In [1]:
import random
import numpy as np
import torch
import torch.nn as nn
import torch.nn.functional as F
import torch.optim as optim

SEED = 515
random.seed(SEED)
np.random.seed(SEED)
torch.manual_seed(SEED)
torch.backends.cudnn.deterministic = True

In [2]:
import torchtext
from torchtext.data import Field, LabelField, BucketIterator

# Set `batch_first=True` in the `Field`.
TEXT = Field(tokenize='spacy', include_lengths=True, batch_first=True)
LABEL = LabelField()

train_data, test_data = torchtext.datasets.TREC.splits(TEXT, LABEL, fine_grained=False, root='data')
train_data, valid_data = train_data.split()

In [3]:
MAX_VOCAB_SIZE = 25000

TEXT.build_vocab(train_data, max_size=MAX_VOCAB_SIZE, 
                 vectors="glove.6B.100d", vectors_cache="vector_cache", 
                 unk_init=torch.Tensor.normal_)
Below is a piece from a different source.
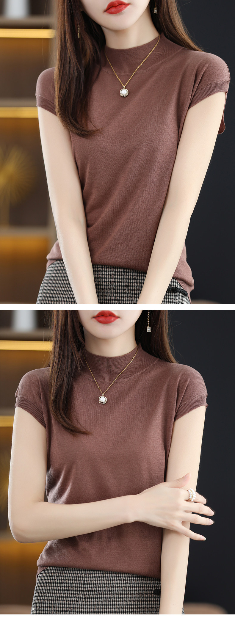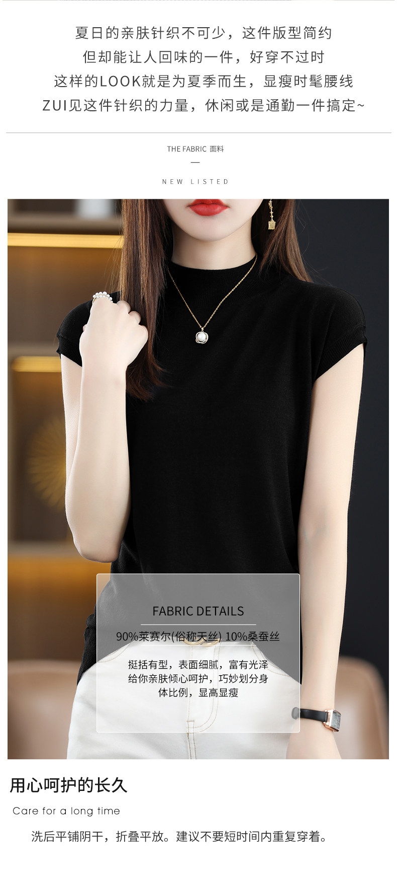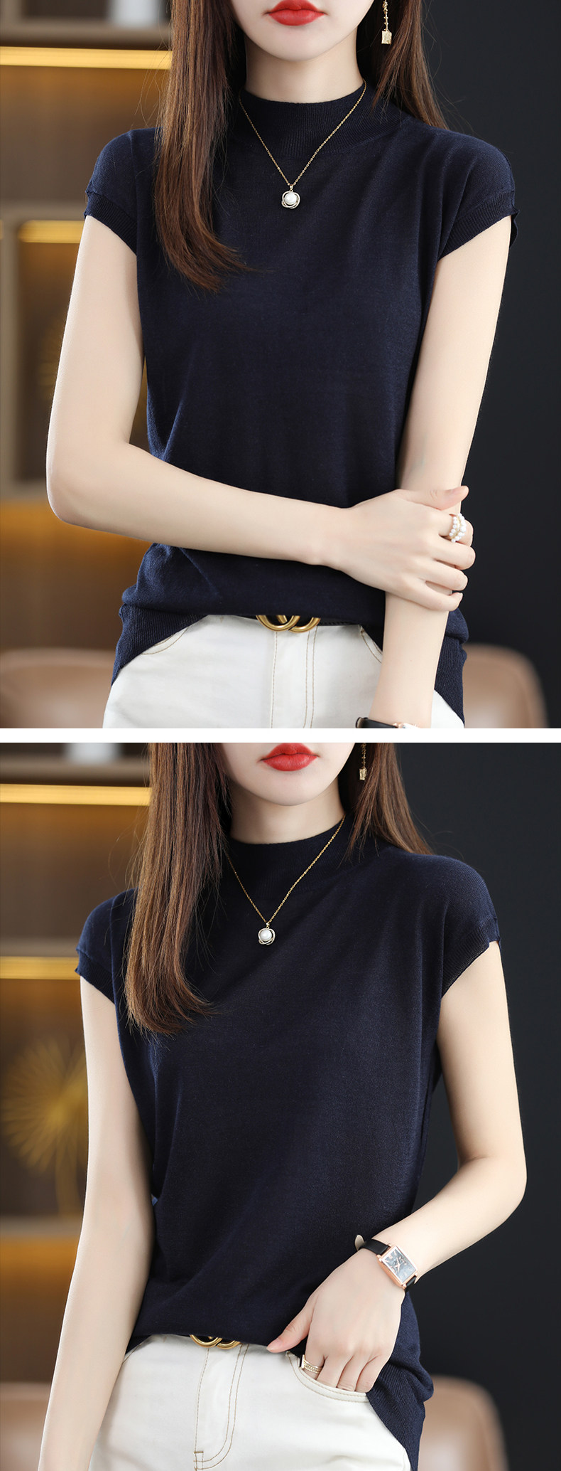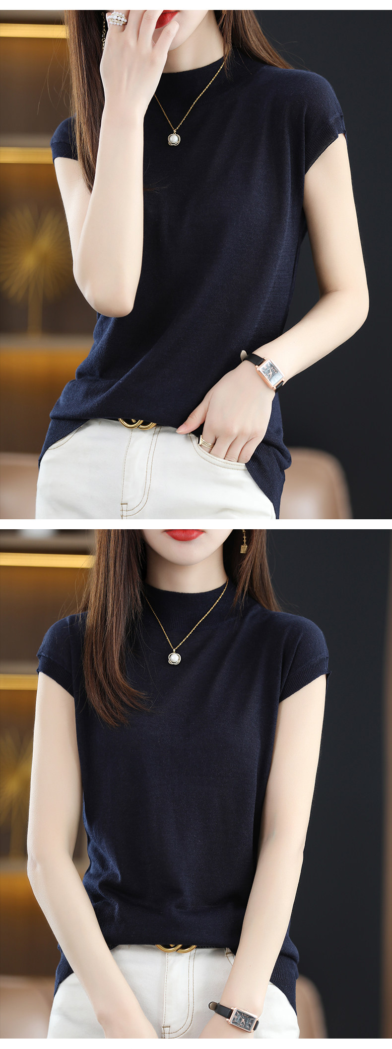 Летняя базовая приятная телу майка топ без рукавов, тонкий трикотажный шелковый свитер, высокий воротник

LABEL.build_vocab(train_data)
print(LABEL.vocab.stoi)

defaultdict(None, {'ENTY': 0, 'HUM': 1, 'DESC': 2, 'NUM': 3, 'LOC': 4, 'ABBR': 5})


In [4]:
device = torch.device('cuda' if torch.cuda.is_available() else 'cpu')

ex = train_data[0]
print(ex.text)
# If `include_lengths=False`, it should be:  
# `TEXT.numericalize([ex.text], device=device)`
text, text_lens = TEXT.numericalize(([ex.text], [len(ex.text)]), device=device)
print(text)
print(text_lens)

['What', 'do', 'the', 'letters', 'D.C.', 'stand', 'for', 'in', 'Washington', ',', 'D.C.', '?']
tensor([[  4,  24,   3, 297, 552, 106,  18,   7, 286,  14, 552,   2]])
tensor([12])


In [5]:
BATCH_SIZE = 128

train_iterator, valid_iterator, test_iterator = BucketIterator.splits(
    (train_data, valid_data, test_data), 
    batch_size=BATCH_SIZE, sort_within_batch=True, device=device)
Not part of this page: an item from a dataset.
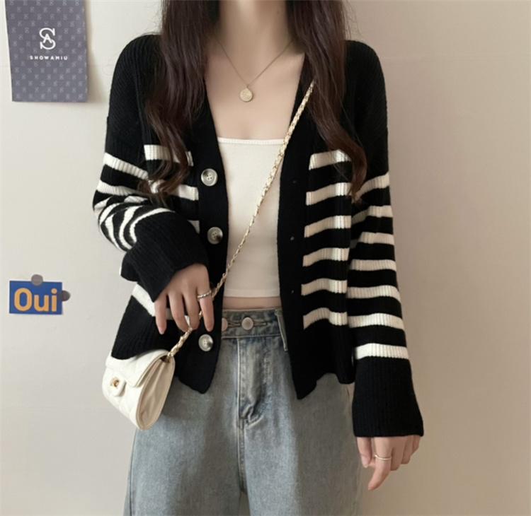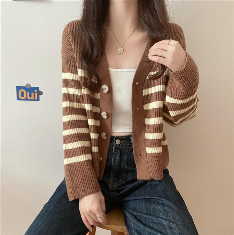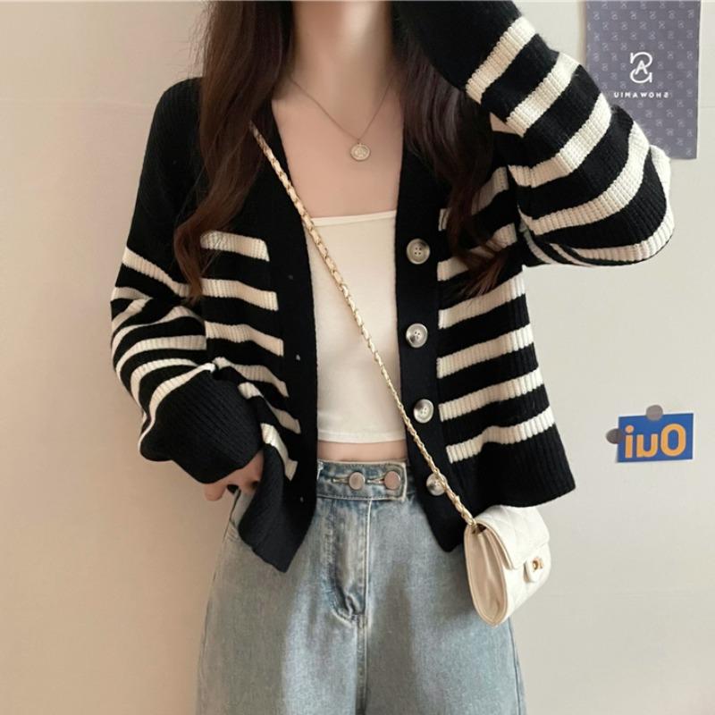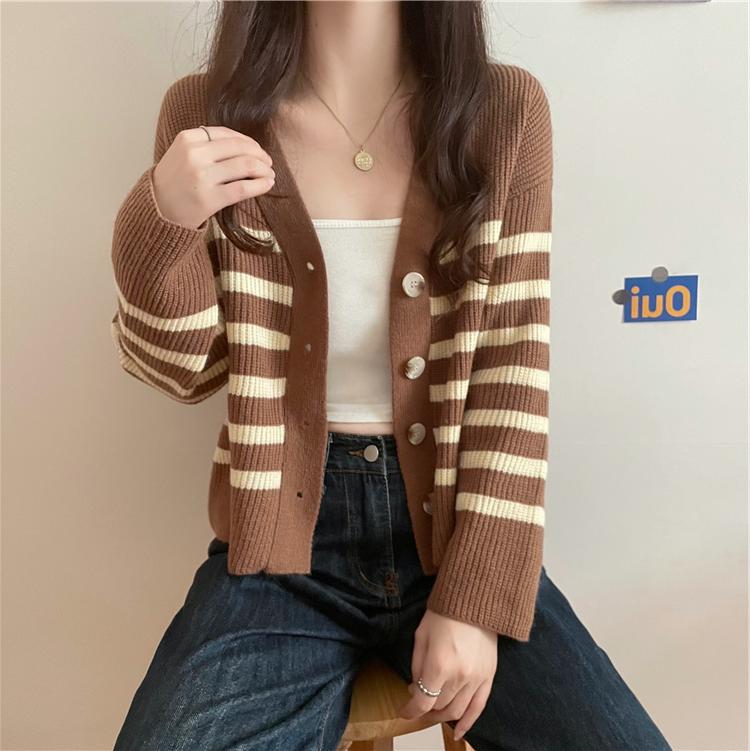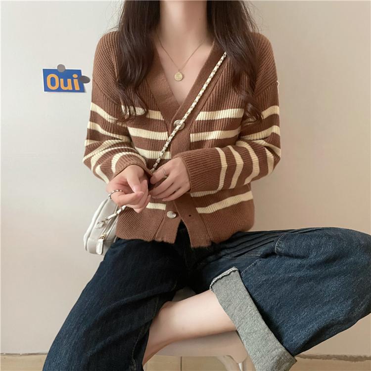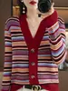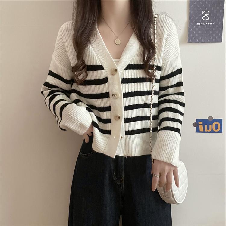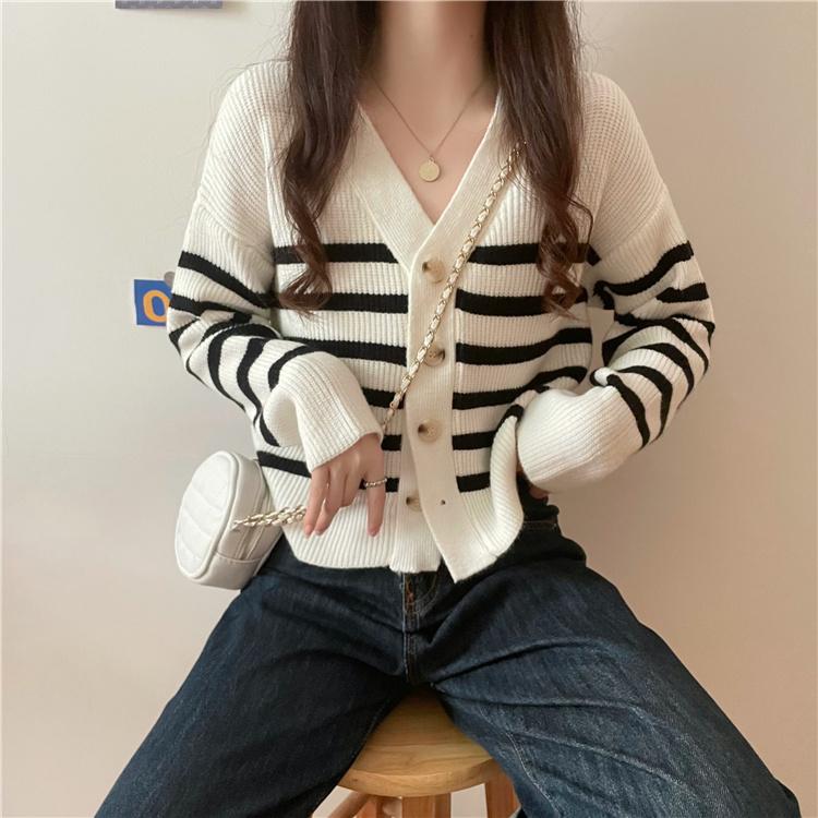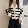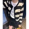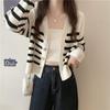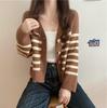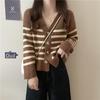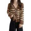 Cardigan Tricotado Listrado Feminino Outono e Inverno 2026 Novo Solto Estilo Coreano Estilo Preguiçoso Jaqueta Suéter Manga Longa Decote V

## `BucketIterator.splits`
By default, the first dataset (`train_iterator`) would be shuffled, while the other datasets (`valid_iterator` and `test_iterator`) would be not shuffled. 

In [6]:
for i, batch in enumerate(train_iterator):
    text, text_lens = batch.text
    print(text_lens.max(), text_lens[0], text_lens[-1])
    if i >= 9:
        break

tensor(11) tensor(11) tensor(11)
tensor(16) tensor(16) tensor(15)
tensor(6) tensor(6) tensor(5)
tensor(9) tensor(9) tensor(9)
tensor(20) tensor(20) tensor(17)
tensor(11) tensor(11) tensor(11)
tensor(10) tensor(10) tensor(10)
tensor(15) tensor(15) tensor(14)
tensor(10) tensor(10) tensor(10)
tensor(14) tensor(14) tensor(13)


In [7]:
for i, batch in enumerate(train_iterator):
    text, text_lens = batch.text
    print(text_lens.max(), text_lens[0], text_lens[-1])
    if i >= 9:
        break

tensor(14) tensor(14) tensor(13)
tensor(7) tensor(7) tensor(6)
tensor(7) tensor(7) tensor(7)
tensor(11) tensor(11) tensor(10)
tensor(11) tensor(11) tensor(11)
tensor(6) tensor(6) tensor(5)
tensor(16) tensor(16) tensor(15)
tensor(9) tensor(9) tensor(9)
tensor(10) tensor(10) tensor(9)
tensor(12) tensor(12) tensor(12)


In [8]:
for i, batch in enumerate(valid_iterator):
    text, text_lens = batch.text
    print(text_lens.max(), text_lens[0], text_lens[-1])
    if i >= 9:
        break

tensor(5) tensor(5) tensor(3)
tensor(7) tensor(7) tensor(6)
tensor(7) tensor(7) tensor(7)
tensor(8) tensor(8) tensor(7)
tensor(9) tensor(9) tensor(8)
tensor(9) tensor(9) tensor(9)
tensor(10) tensor(10) tensor(9)
tensor(11) tensor(11) tensor(10)
tensor(12) tensor(12) tensor(11)
tensor(13) tensor(13) tensor(12)


In [9]:
for i, batch in enumerate(valid_iterator):
    text, text_lens = batch.text
    print(text_lens.max(), text_lens[0], text_lens[-1])
    if i >= 9:
        break

tensor(5) tensor(5) tensor(3)
tensor(7) tensor(7) tensor(6)
tensor(7) tensor(7) tensor(7)
tensor(8) tensor(8) tensor(7)
tensor(9) tensor(9) tensor(8)
tensor(9) tensor(9) tensor(9)
tensor(10) tensor(10) tensor(9)
tensor(11) tensor(11) tensor(10)
tensor(12) tensor(12) tensor(11)
tensor(13) tensor(13) tensor(12)